=== Begin Enclosure ===

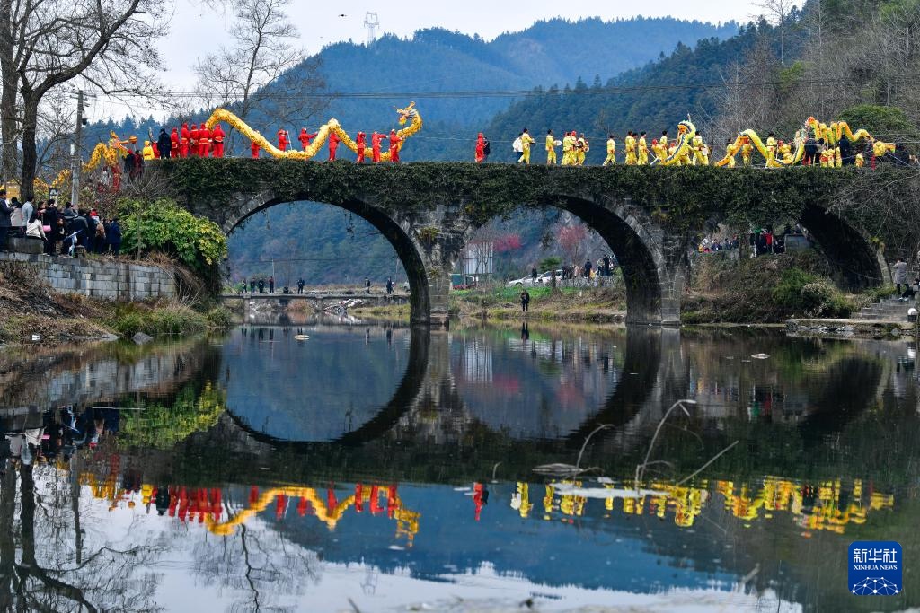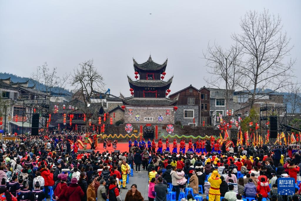 这是2月11日拍摄的贵州锦屏隆里“村晚遇元宵·来隆里玩花脸龙”活动现场。
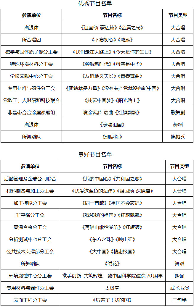 演出前,徐岩书记代表所党委和所班子致辞。他指出,新中国成立以来,中国共产党带领全国各族人民取得了举世瞩目的伟大成就,在新中国70华诞即将到来之际,我们欢聚在这里,以文艺演出的方式表达耀彩网人对中国共产党的无限热爱和对伟大祖国的美好祝福。他强调,金属研究所作为一个有着66年历史的老所、大所、强所,在老一辈科学家和几代人的不懈努力下,现已建设成为材料科学与工程领域国内一流并具有重要国际影响的研究机构,是我国高性能材料研究与发展的重要基地,为国家科技进步、经济社会发展和国家安全做出了一系列重要贡献,祖国科技事业的进步和发展有我们不可替代的贡献!徐岩书记激昂地说:走进新时代,欢歌颂盛世,祝愿伟大祖国更加繁荣昌盛、文明富强!
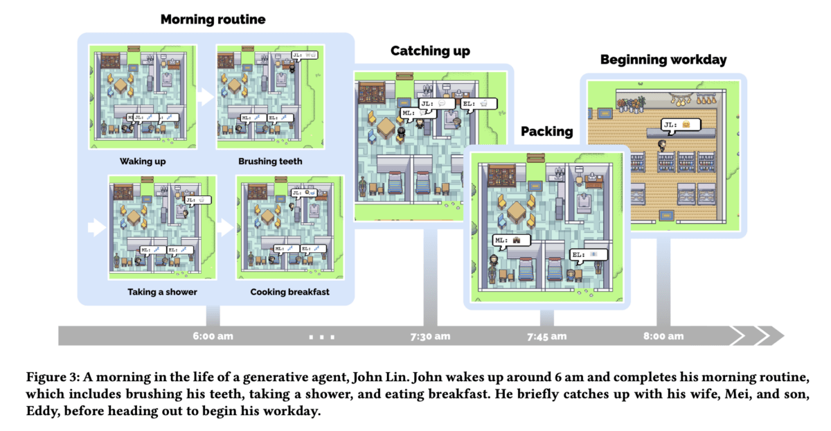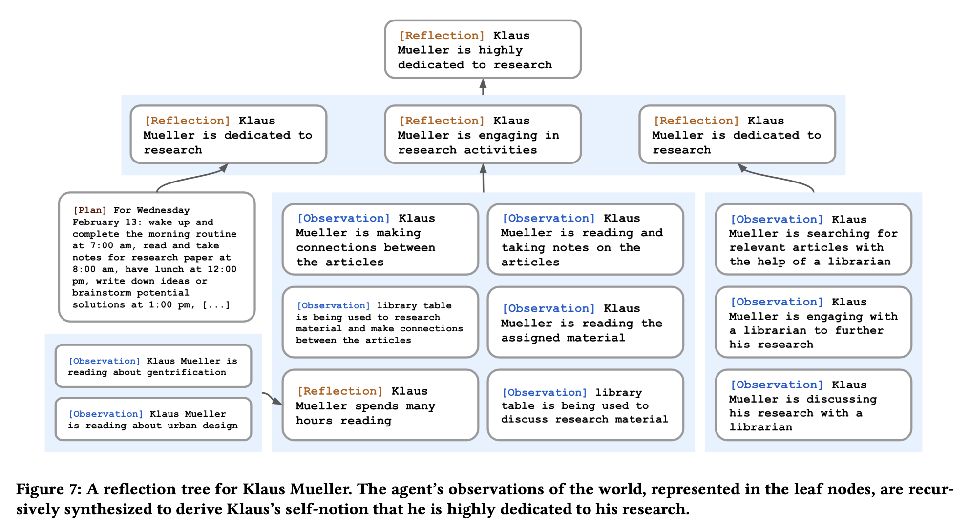 Diese Schleife aus Beobachtung, Planung und Reflexion treibt die Interaktionen der KI-Agenten an und bestimmt ihren Charakter. Dafür können die KI-Agenten nicht nur über ihre Beobachtungen, sondern auch über geschlossene Pläne und frühere Reflexionen nachsinnen. So entsteht zum Beispiel das Selbstbild von Klaus Müller als jemand, der sich stark in der Forschung engagiert, aus mehreren unabhängigen Beobachtungen und Reflexionen.
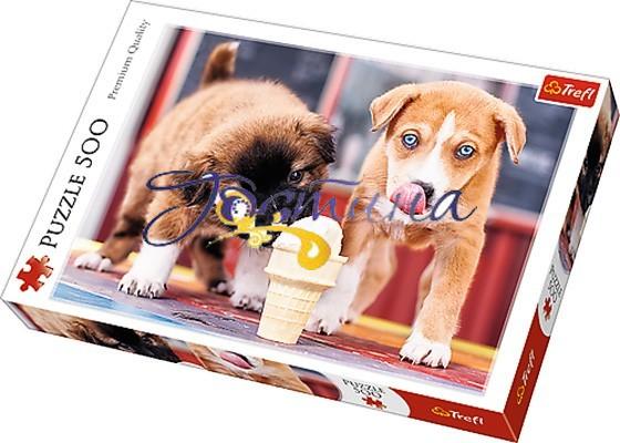 Пазли на 500 елементів із зображенням двох маленьких цуценят, що ласують морозивом. У складеному вигляді розмір картинки становить 48х34 див.
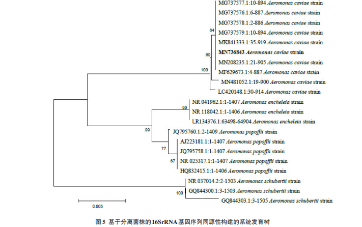 16S rRNA PCR物質(zhì)電泳原理結(jié)果(圖4)說明,從病菌 菌種的DNA模版中增加出尺寸約為1400 bp上下的片 段,合乎預(yù)期成果,系列號為MN736843,將基因序列根據(jù)NCBI開展同宗核對剖析,數(shù)據(jù)顯示與該編碼序列同 源性能比最大的菌種均是豚鼠氣單胞菌,將編碼序列與已經(jīng)知道 編碼序列搭建系統(tǒng)發(fā)育樹(圖5),能夠 看得出,該菌種與豚鼠氣單胞菌(A. caviae)聚為一個支系,融合生化實(shí)驗(yàn)和革 蘭氏上色等結(jié)果,可明確該分離出來菌種為豚鼠氣單胞菌。
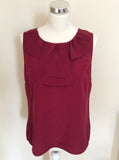 TED BAKER DEEP RED SILK PLEATED TRIM SLEEVELESS TOP SIZE 4 UK 14
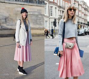 接受度很高的半身百褶裙,通过材质和褶皱宽度的改变,能够带来不一样的风格,少女感或淑女感都可以用它实现。
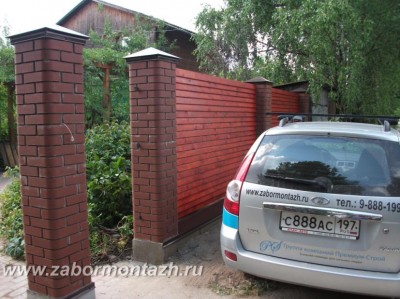 Дерево - материал довольно доступный, в то время, как кирпичные заборы обходятся дорого. Кроме того, деревянные секции прослужат дольше, находясь высоко от земли. Небольшой минус в том, что дерево все же нуждается в периодической обработке. Дизайн ограды может быть реализован по вкусу заказчика.
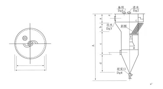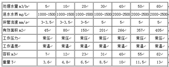 該斜板沉淀器沉淀污水固體、懸浮物、污水經(jīng)加混凝反應(yīng)后由設(shè)備上端進(jìn)水口進(jìn)入設(shè)備,經(jīng)錐形反應(yīng)池混凝形成礬花,逐漸沉降至設(shè)備污泥斗中(設(shè)備可連續(xù)、間斷排泥)形成排泥,在反應(yīng)池中污泥沉降,清水上升至斜板(管)中,并進(jìn)一步沉降污水中的顆粒,清水上升至溢流槽后出水。
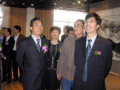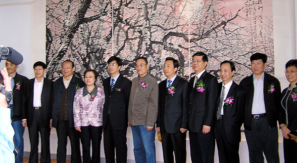 章剑华厅长、宜兴市领导、与会嘉宾参观画展并和周蕴华合影 |
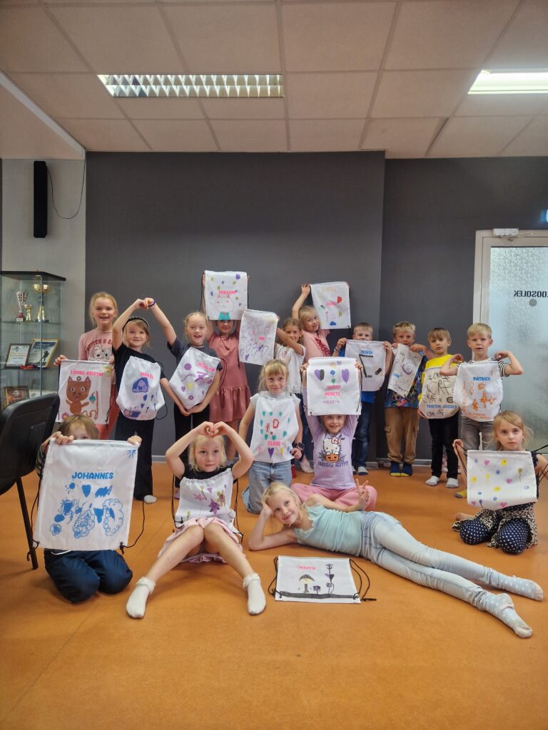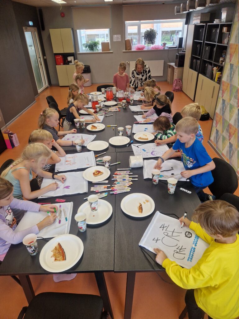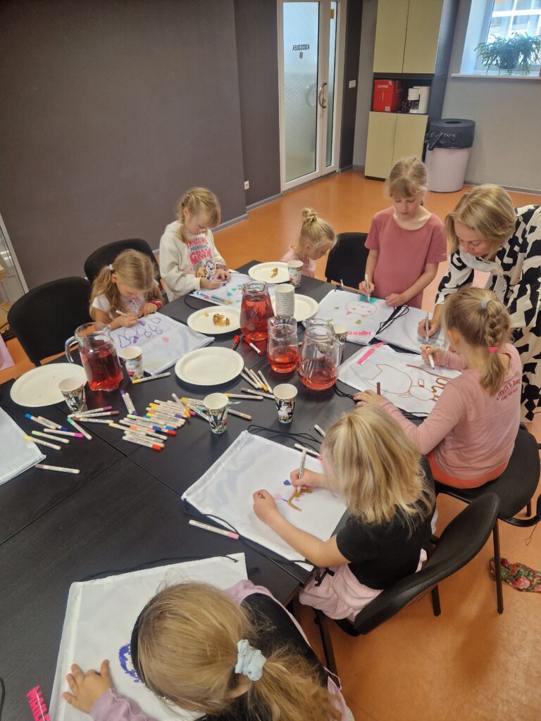 Mul oli lastele planeeritud vahva töötuba, kus iga laps sai joonistada ja kujundada endale ise koti – nöörkoti ehk sussikoti. Igaüks joonistas kotile täpselt seda, mida ise soovis, ja tulemused tulid uskumatult erilised ning ainulaadsed!
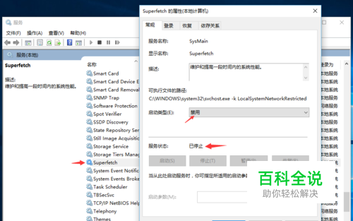 按Enter,进入“服务”,在服务列表里面找到Superfetch, 双击打开其属性,在服务状态点击“停止”,在“启动类型”选择“禁止”, 应用并确定,如图
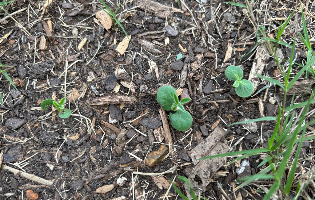 I sowed three kinds of wildflower in the center of the front lawn area a couple of weeks ago, but then the day after that we had torrential rain. I was not confident that the seeds had stayed put, so I repeated the seeding a few days later. The day after that second seeding I spotted several rosettes that looked like germinating Bluebonnet plants so, if true, the timing of that would mean they were actually from the first seeding.
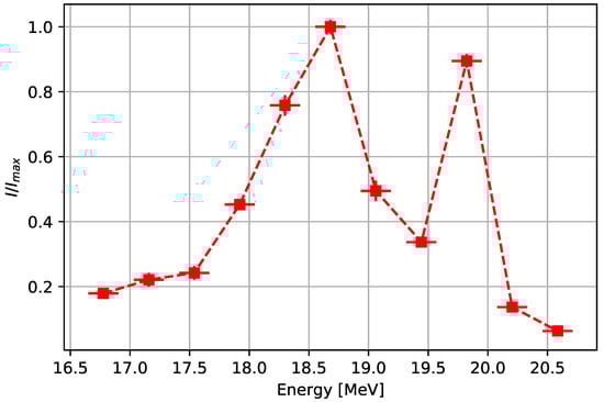 The first series of measurements was performed for the optimal isochronism condition. The ion source arc current was always set to a value corresponding to induced currents in the nA range in all the channels of the multi-leaf Faraday cup. In this current range, the electrometer shows the most stable readings. The measured beam energy distribution in the condition of the optimal isochronism is shown in Figure 3. The probability density is expressed in units of normalized induced current , where corresponds to the channel with the highest measured current. The distribution presents one peak at a beam energy of MeV. The measurement was repeated for two slightly different currents set in the main coil of the cyclotron, but remaining in the vicinity of the optimal isochronism. A good agreement was found, and the peak was localized at the same beam energy value within the uncertainty. In order to compare the obtained results with the measurement performed with a different method and reported in [], the mean energy and RMS of the distribution were also evaluated and found to be MeV and MeV, respectively. The values reported in [] were MeV and MeV for the beam energy and RMS, respectively. The beam energy values are therefore in agreement within 1 and the RMS values within 1.8. The peak energy of MeV, found in [], is in a good agreement with the results presented in this paper. It has to be noted that the two compared methods are characterized by a different resolution and were performed in slightly different conditions. The region of the optimal isochronism, corresponding to our definition based on a maximum beam transmission, spans a certain range of main coil settings, and the resulting energy distributions can vary to some extent. Another possible reason for the observed difference is the fact that the method reported in [] gives the probabilities of finding beam energy within histogram bins, while the measurements described in this paper characterize the distribution by the evaluation of discrete points. Furthermore, the main coil of the cyclotron warms up during operation, making the operation conditions slightly different.
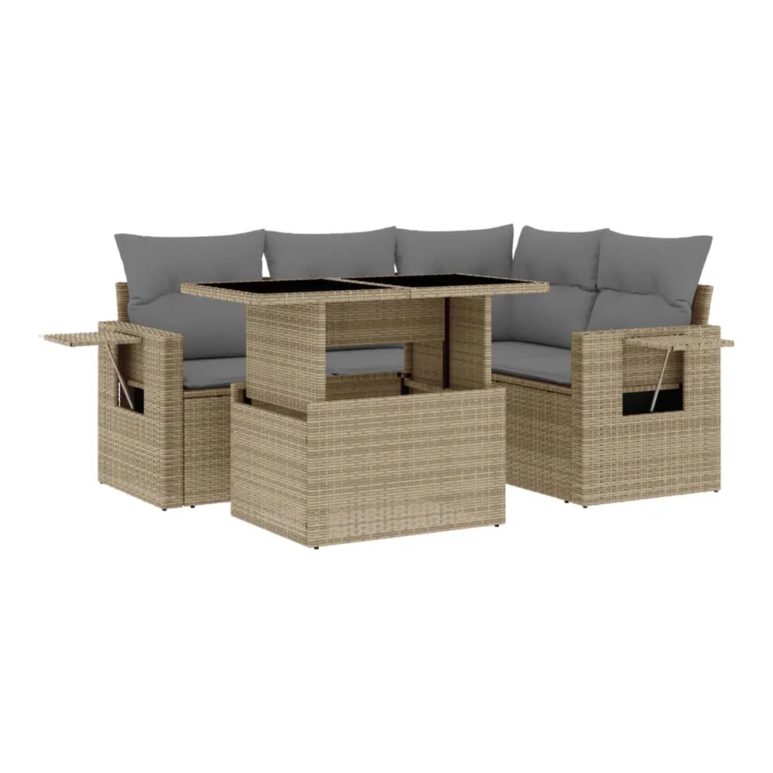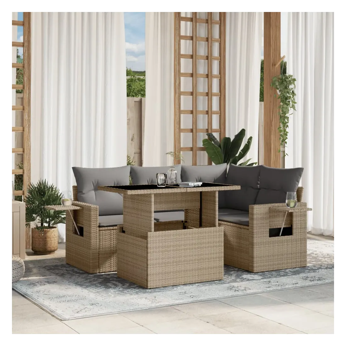 Cet ensemble de canapés de jardin est le complément parfait de votre arrière-cour, terrasse ou patio, offrant un espace confortable et accueillant pour discuter avec la famille et les amis ou simplement se détendre et profiter de l'extérieur. Matériau durable : la résine tressée, également connue sous le nom de poly rotin, est un matériau synthétique solide et nécessitant peu d'entretien qui ressemble au rotin naturel. Il est léger, facile à nettoyer et couramment utilisé pour les meubles d'extérieur en raison de sa durabilité et de ses propriétés de résistance aux intempéries.Dessus de table réglable : le dessus de table peut être soulevé pour rendre la table plus haute, ce qui transforme la table d'extérieur d'une table basse à une table de salle à manger. Elle est parfaite pour recevoir des invités ou prendre des repas à l'extérieur.Table d'appoint pratique : ce mobilier d'extérieur comprend des tables d'appoint pliables avec un ressort à gaz sur les accoudoirs, offrant des endroits pratiques pour garder vos essentiels à portée de main. Expérience d'assise confortable : ce mobilier d'extérieur, doté de coussins épais, offre une expérience d'assise confortable.Conception modulaire : cet ensemble de meubles d'extérieur a une conception modulaire, ce qui le rend complètement flexible et facile à déplacer, afin que vous puissiez créer un agencement de meubles d'extérieur personnalisé. Bon à savoir :Pour que vos meubles d'extérieur restent beaux, nous vous recommandons de les protéger avec une housse imperméable.
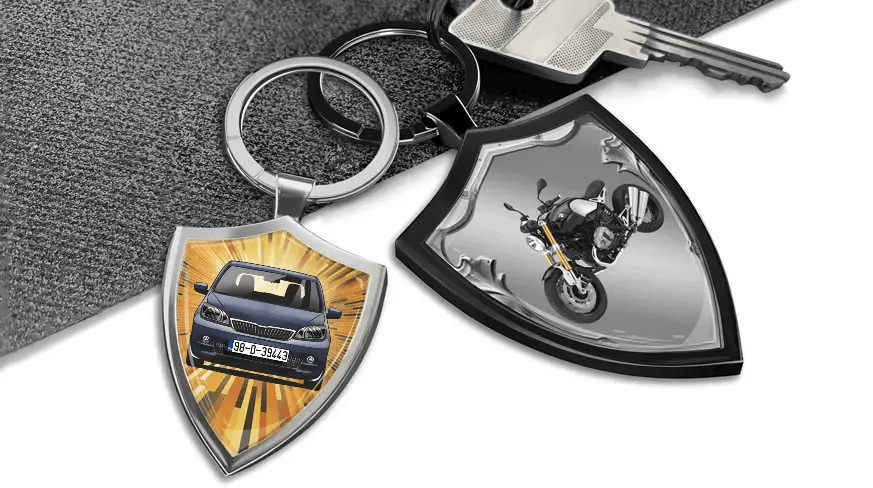 Våre dyktige produktgrafikere har laget en rekke stilige design for produktene våre. Bestem selv hvilket motiv som skal pryde nøkkelringens skilt!
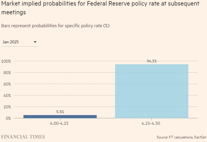Подразумеваемые рынком вероятности изменения процентной ставки Федеральной резервной системы в предстоящие заседания. Столбцы представляют собой вероятности для определенной процентной ставки (%). FT. Источник: расчеты FT, FactSet
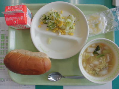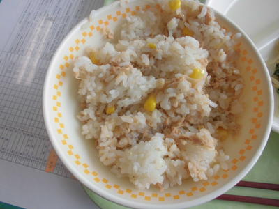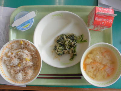 2020年7月24日 09時33分遅くなりましたが、金曜日の給食です。目玉は、ツナご飯です。ツナ大好きな人には最高の一品ですね。コーンが彩りとアクセントになっていて良かったです。味ご飯系は、我がクラスは完食です。みちのく汁は、定番の味噌汁って感じでしょうか。野菜たっぷりの味噌汁です。ほうれん草のごま和えは、ごまの風味たっぷりで、さっぱりしていました。デザートはソーダゼリーです。ちょっぴり凍っています。これが心と体を癒やしてくれますね。生き返る~。ごちそうさまでした。
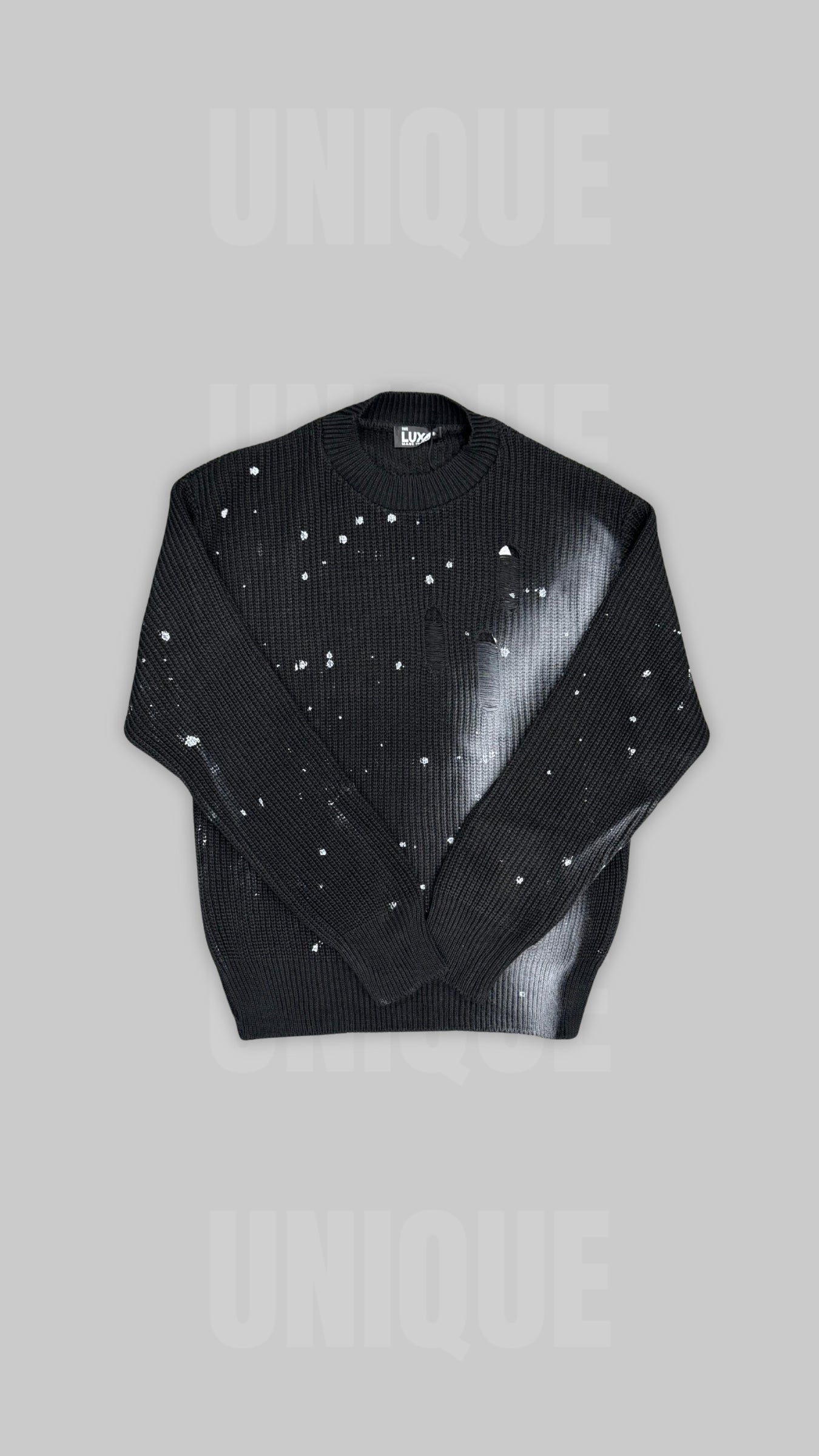 I dettagli strappati e gli schizzi di vernice bianca, che ricordano una via lattea o un cielo stellato, lo rendono un capo iconico. La sfumatura bianca sulla parte superiore e sulle maniche aggiunge profondità, creando un look misterioso e accattivante.

=== End Enclosure ===

◆ **EXERCISE OBJECTIVE**
Set down word for word the lines from the first entry through the line with "演出前,徐岩书记代表所党委和", both included, omitting pictures.

◆ **TASK ANSWER**
 这是2月11日拍摄的贵州锦屏隆里“村晚遇元宵·来隆里玩花脸龙”活动现场。
 演出前,徐岩书记代表所党委和所班子致辞。他指出,新中国成立以来,中国共产党带领全国各族人民取得了举世瞩目的伟大成就,在新中国70华诞即将到来之际,我们欢聚在这里,以文艺演出的方式表达耀彩网人对中国共产党的无限热爱和对伟大祖国的美好祝福。他强调,金属研究所作为一个有着66年历史的老所、大所、强所,在老一辈科学家和几代人的不懈努力下,现已建设成为材料科学与工程领域国内一流并具有重要国际影响的研究机构,是我国高性能材料研究与发展的重要基地,为国家科技进步、经济社会发展和国家安全做出了一系列重要贡献,祖国科技事业的进步和发展有我们不可替代的贡献!徐岩书记激昂地说:走进新时代,欢歌颂盛世,祝愿伟大祖国更加繁荣昌盛、文明富强!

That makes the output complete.